*Entries taken from a collection*
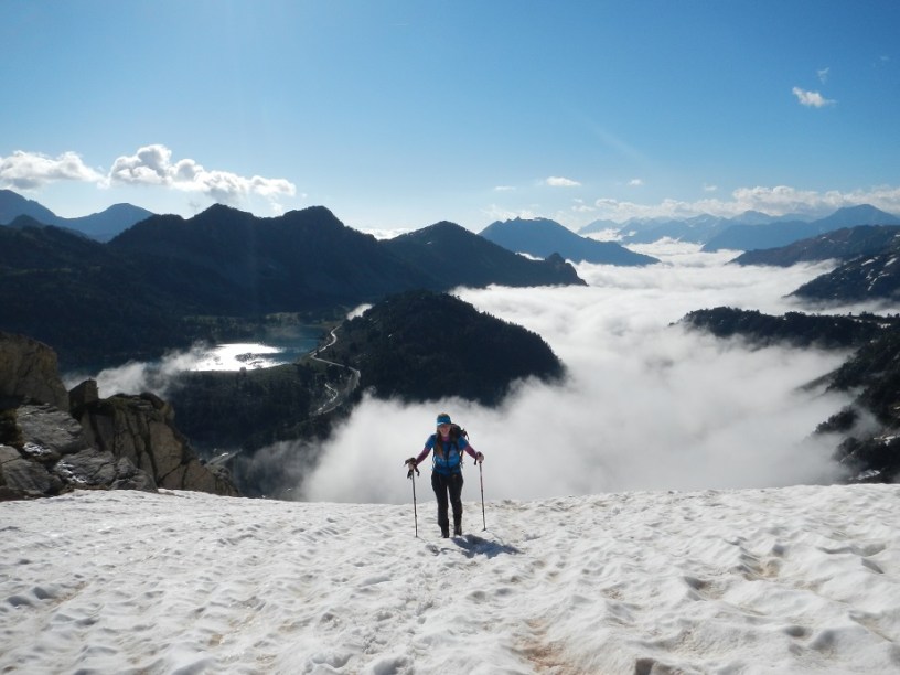 Ahora debemos volver a la cumbre del Turón de Néouvielle. Por el mismo camino, intentamos ascender un trozo por el corredor y cuando aparece el nevero trepamos a la izquierda para enlazar con el camino de bajada.
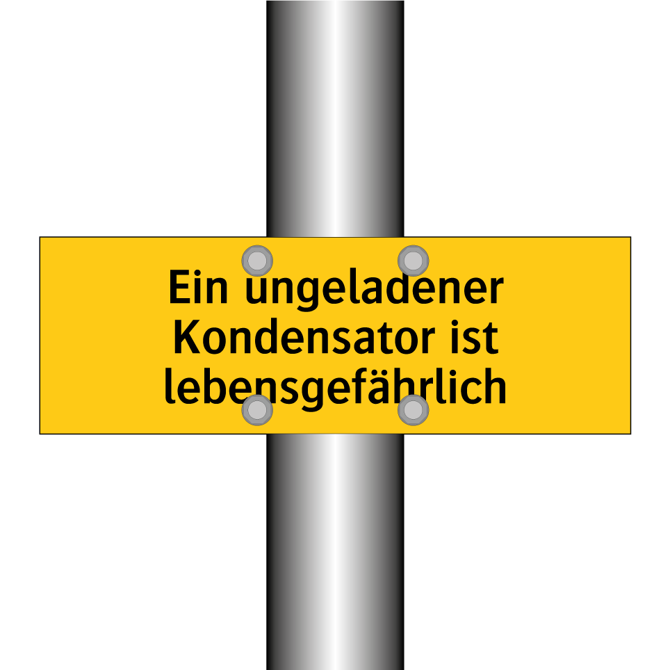 Warnschild mit dem Text Ein ungeladener Kondensator ist lebensgefährlich
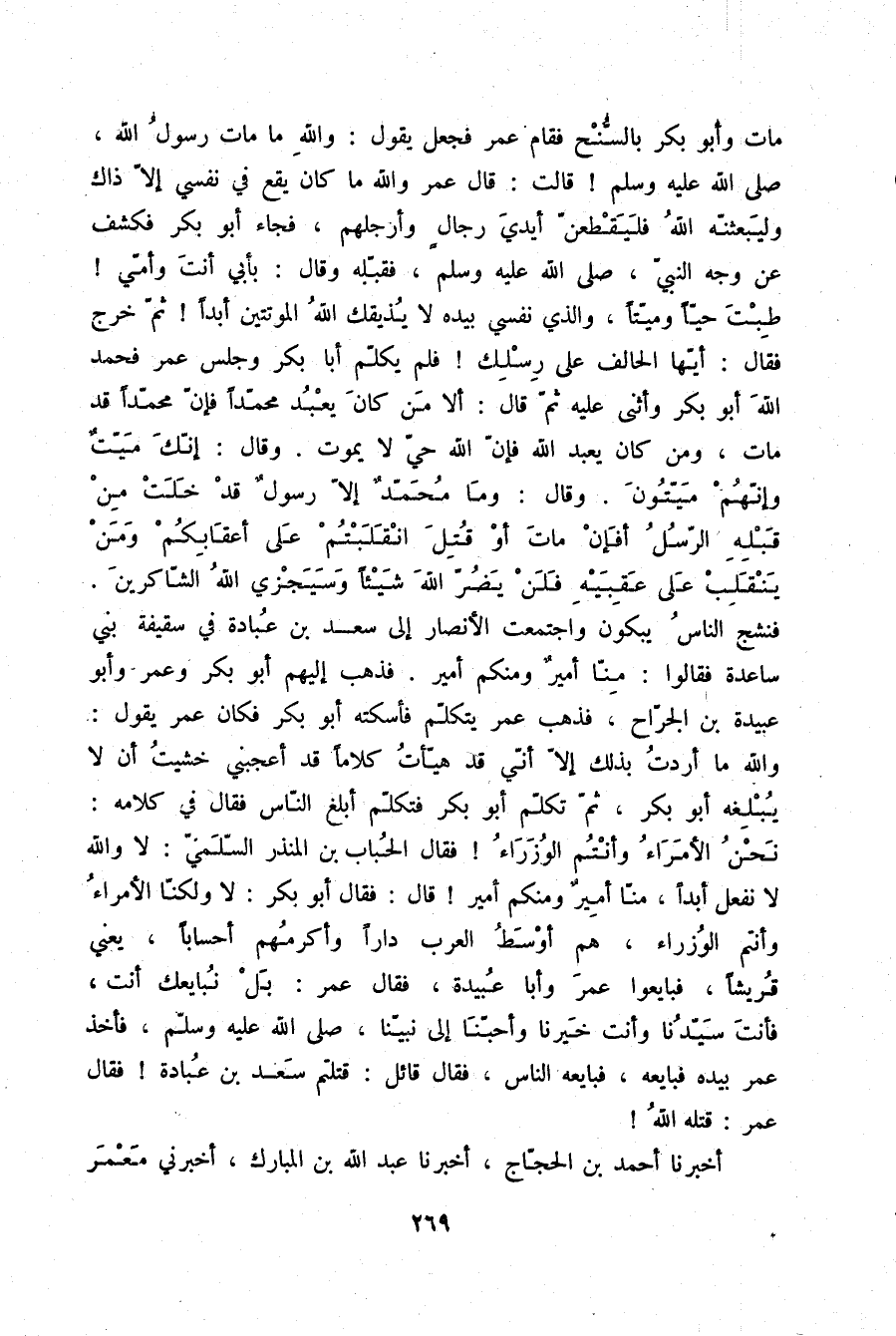 أَخْبَرَنَا أَحْمَدُ بْنُ الْحَجَّاجِ، أَخْبَرَنَا عَبْدُ اللَّهِ بْنُ الْمُبَارَكِ، أَخْبَرَنِي مَعْمَرٌ -[270]-، وَيُونُسُ، عَنِ الزُّهْرِيِّ، أَخْبَرَنِي أَنَسُ بْنُ مَالِكٍ: " أَنَّهُ لَمَّا تُوُفِّيَ رَسُولُ اللَّهِ صلّى الله عليه وسلم قَامَ عُمَرُ فِي النَّاسِ خَطِيبًا فَقَالَ: أَلَا §لَا أَسْمَعَنَّ أَحَدًا يَقُولُ إِنَّ مُحَمَّدًا مَاتَ، فَإِنَّ مُحَمَّدًا لَمْ يَمُتْ، وَلَكِنَّهُ أَرْسَلَ إِلَيْهِ رَبُّهُ كَمَا أَرْسَلَ إِلَى مُوسَى فَلَبِثَ عَنْ قَوْمِهِ أَرْبَعِينَ لَيْلَةً "
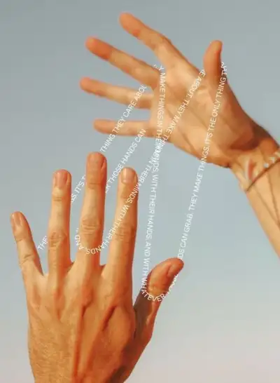 two hands reaching up towards each other with words written on them to spell out the word love
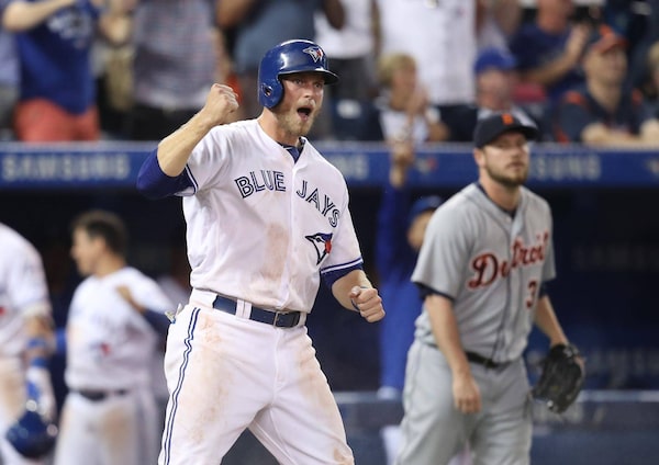 Michael Saunders celebrates as he scores the go-ahead run in the eighth inning during against the Detroit Tigers on July 7, 2016 at Rogers Centre.Tom Szczerbowski/Getty Images
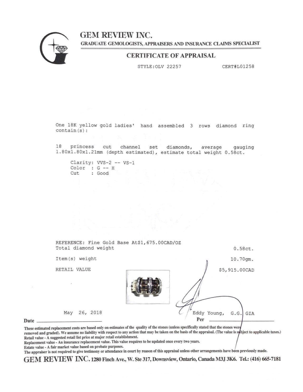 - 18 Princess Cut Channel-Set Diamonds Totalling Approximately 0.58 ct. of VVS2-VS1 Clarity, G-H Colour, Good Cut
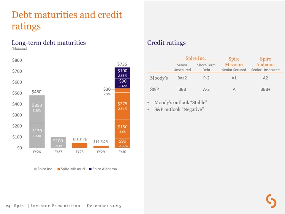 Debt maturities and credit ratings Long-term debt maturities Credit ratings (Millions) Spire Inc. Spire Spire $800 $735 Senior Short-Term Missouri Alabama Unsecured Debt Senior Secured Senior Unsecured $100 $700 2.88% Moody’s Baa2 P-2 A1 A2 $90 $600 5.32% $30 BBB A-2 A BBB+ S&P $480 $500 7.9% • Moody’s outlook “Stable” $275 $400 $350 2.84% • S&P outlook “Negative” 5.30% $300 $200 $150 $130 4.6% 3.13% $100 $45 3.4% $100 $90 $19 7.0% 3.93% 4.88% $0 FY26 FY27 FY28 FY29 FY30 Spire Inc. Spire Missouri Spire Alabama 24 S p i r e | I n v e s t o r P r e s e n t a t i o n – D e c e m b e r 2 0 2 5
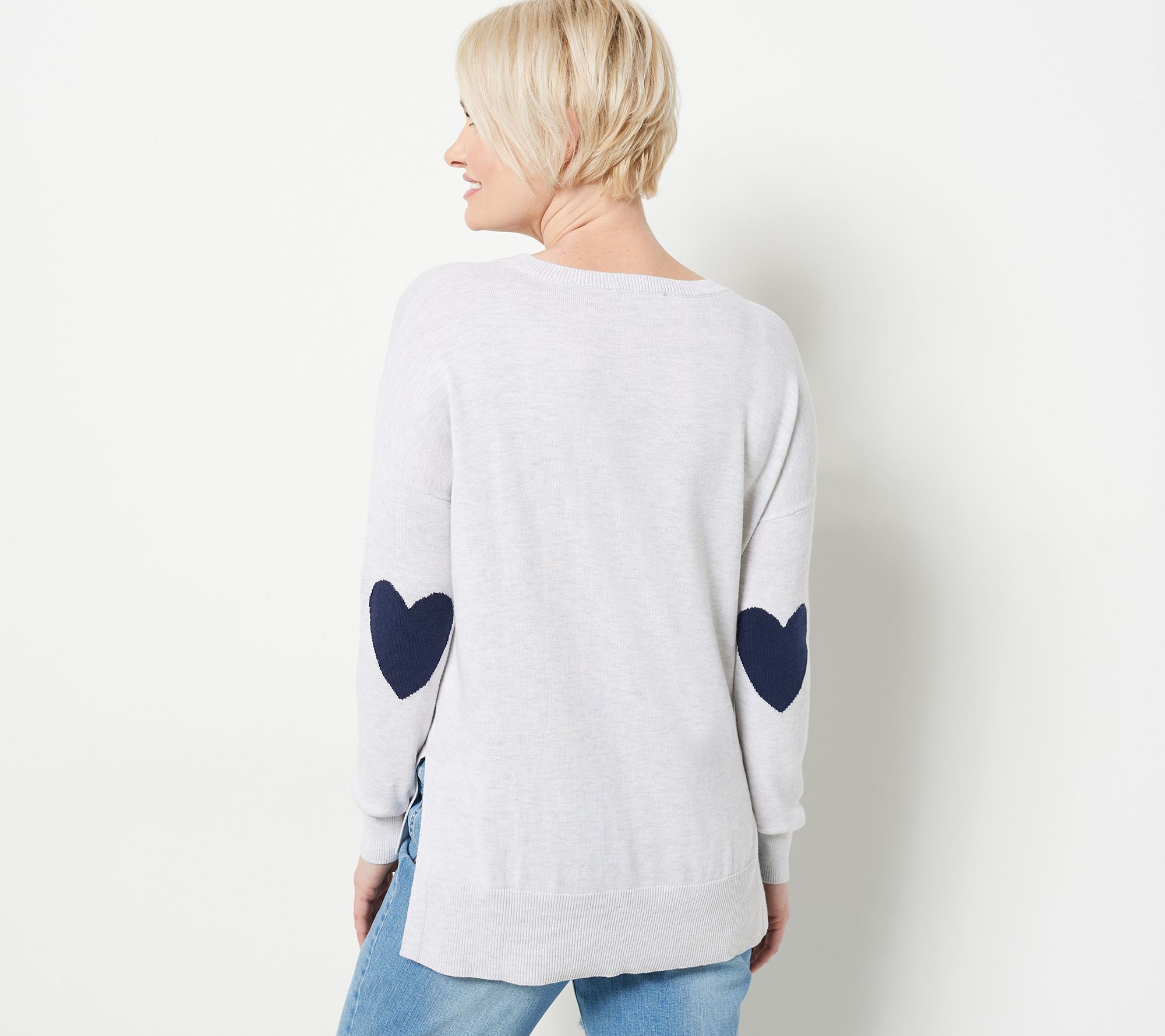 Pump some love into the world with this oh-so-cozy girlfriend sweater. The heart-shaped elbow patches (soo cute) invite the charming vibes of sunny season to break up the grayness of wintertime. From Studio Park.
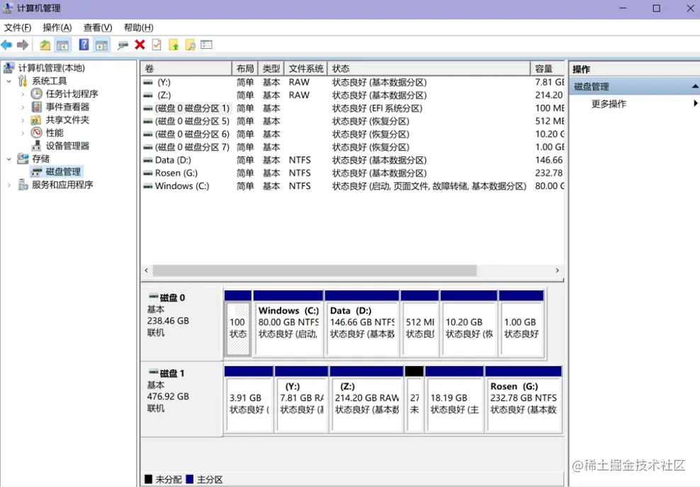 打开资源管理器,在此电脑上右键选择管理,点击磁盘管理,可看到如下界面: 在你想要分配用于安装系统的磁盘空间上右键,点击删除卷后该磁盘区域就会变成空闲状态,如果要利用该硬盘的其他空间就要自己新建卷。所以只需要分配好合适大小的空闲磁盘区域即可。
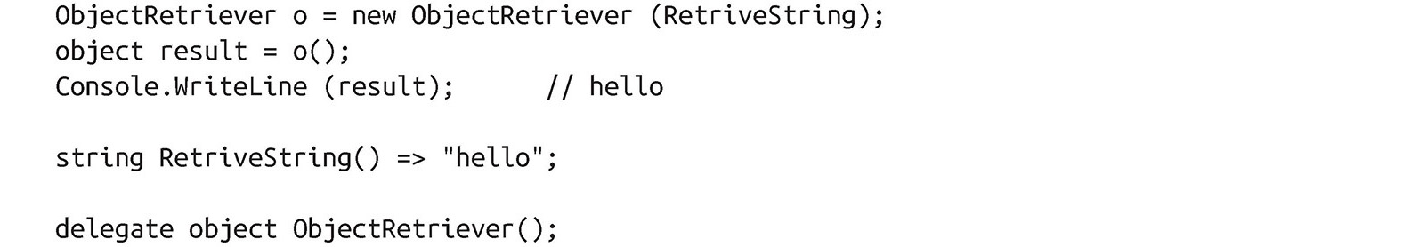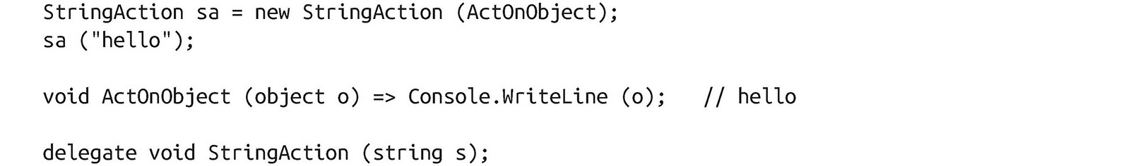 委托仅仅替其他人调用方法。在本例中,在调用 StringAction 时,参数类型是 string 。当这个参数传递给目标方法时,参数隐式向上转换为 object 。
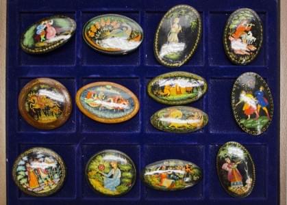 Papier mâché laqué à décor de sujets mythologiques et populaires russes, L 7 cm
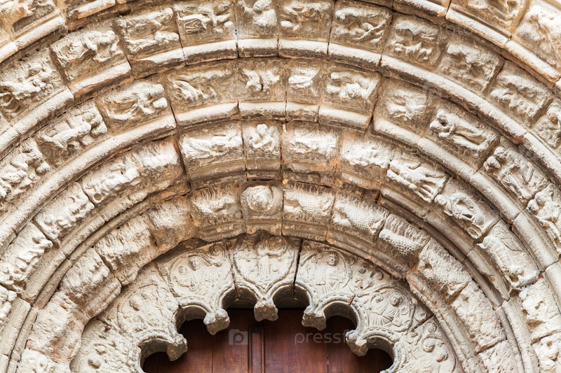 Великолепно вырезанный каменный свод обрамляет большие деревянные двери старинной церкви в Обаносе, демонстрируя изысканное мастерство
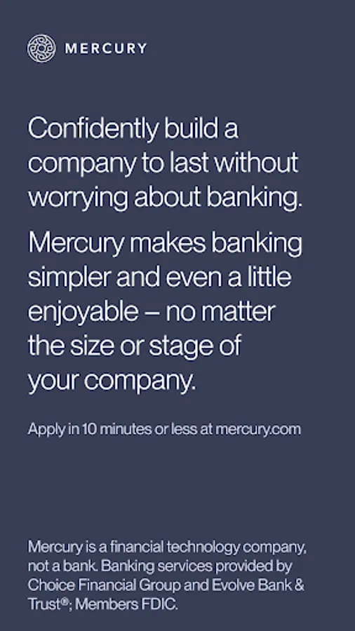 Mercury offers banking* for startups — at any size or stage. With an intuitive product experience, founders can access banking, credit cards, treasury, venture debt, and more — and manage their business with confidence. Launched in 2019, Mercury is trusted by more than 80,000 startups. To learn more, visit mercury.com.

*Task statement*
Each record should be written out again exactly, though without its pictures.

*Output for this exercise*
 Ahora debemos volver a la cumbre del Turón de Néouvielle. Por el mismo camino, intentamos ascender un trozo por el corredor y cuando aparece el nevero trepamos a la izquierda para enlazar con el camino de bajada.
 Warnschild mit dem Text Ein ungeladener Kondensator ist lebensgefährlich
 أَخْبَرَنَا أَحْمَدُ بْنُ الْحَجَّاجِ، أَخْبَرَنَا عَبْدُ اللَّهِ بْنُ الْمُبَارَكِ، أَخْبَرَنِي مَعْمَرٌ -[270]-، وَيُونُسُ، عَنِ الزُّهْرِيِّ، أَخْبَرَنِي أَنَسُ بْنُ مَالِكٍ: " أَنَّهُ لَمَّا تُوُفِّيَ رَسُولُ اللَّهِ صلّى الله عليه وسلم قَامَ عُمَرُ فِي النَّاسِ خَطِيبًا فَقَالَ: أَلَا §لَا أَسْمَعَنَّ أَحَدًا يَقُولُ إِنَّ مُحَمَّدًا مَاتَ، فَإِنَّ مُحَمَّدًا لَمْ يَمُتْ، وَلَكِنَّهُ أَرْسَلَ إِلَيْهِ رَبُّهُ كَمَا أَرْسَلَ إِلَى مُوسَى فَلَبِثَ عَنْ قَوْمِهِ أَرْبَعِينَ لَيْلَةً "
 two hands reaching up towards each other with words written on them to spell out the word love
 Michael Saunders celebrates as he scores the go-ahead run in the eighth inning during against the Detroit Tigers on July 7, 2016 at Rogers Centre.Tom Szczerbowski/Getty Images
 - 18 Princess Cut Channel-Set Diamonds Totalling Approximately 0.58 ct. of VVS2-VS1 Clarity, G-H Colour, Good Cut
 Debt maturities and credit ratings Long-term debt maturities Credit ratings (Millions) Spire Inc. Spire Spire $800 $735 Senior Short-Term Missouri Alabama Unsecured Debt Senior Secured Senior Unsecured $100 $700 2.88% Moody’s Baa2 P-2 A1 A2 $90 $600 5.32% $30 BBB A-2 A BBB+ S&P $480 $500 7.9% • Moody’s outlook “Stable” $275 $400 $350 2.84% • S&P outlook “Negative” 5.30% $300 $200 $150 $130 4.6% 3.13% $100 $45 3.4% $100 $90 $19 7.0% 3.93% 4.88% $0 FY26 FY27 FY28 FY29 FY30 Spire Inc. Spire Missouri Spire Alabama 24 S p i r e | I n v e s t o r P r e s e n t a t i o n – D e c e m b e r 2 0 2 5
 Pump some love into the world with this oh-so-cozy girlfriend sweater. The heart-shaped elbow patches (soo cute) invite the charming vibes of sunny season to break up the grayness of wintertime. From Studio Park.
 打开资源管理器,在此电脑上右键选择管理,点击磁盘管理,可看到如下界面: 在你想要分配用于安装系统的磁盘空间上右键,点击删除卷后该磁盘区域就会变成空闲状态,如果要利用该硬盘的其他空间就要自己新建卷。所以只需要分配好合适大小的空闲磁盘区域即可。
 委托仅仅替其他人调用方法。在本例中,在调用 StringAction 时,参数类型是 string 。当这个参数传递给目标方法时,参数隐式向上转换为 object 。
 Papier mâché laqué à décor de sujets mythologiques et populaires russes, L 7 cm
 Великолепно вырезанный каменный свод обрамляет большие деревянные двери старинной церкви в Обаносе, демонстрируя изысканное мастерство
 Mercury offers banking* for startups — at any size or stage. With an intuitive product experience, founders can access banking, credit cards, treasury, venture debt, and more — and manage their business with confidence. Launched in 2019, Mercury is trusted by more than 80,000 startups. To learn more, visit mercury.com.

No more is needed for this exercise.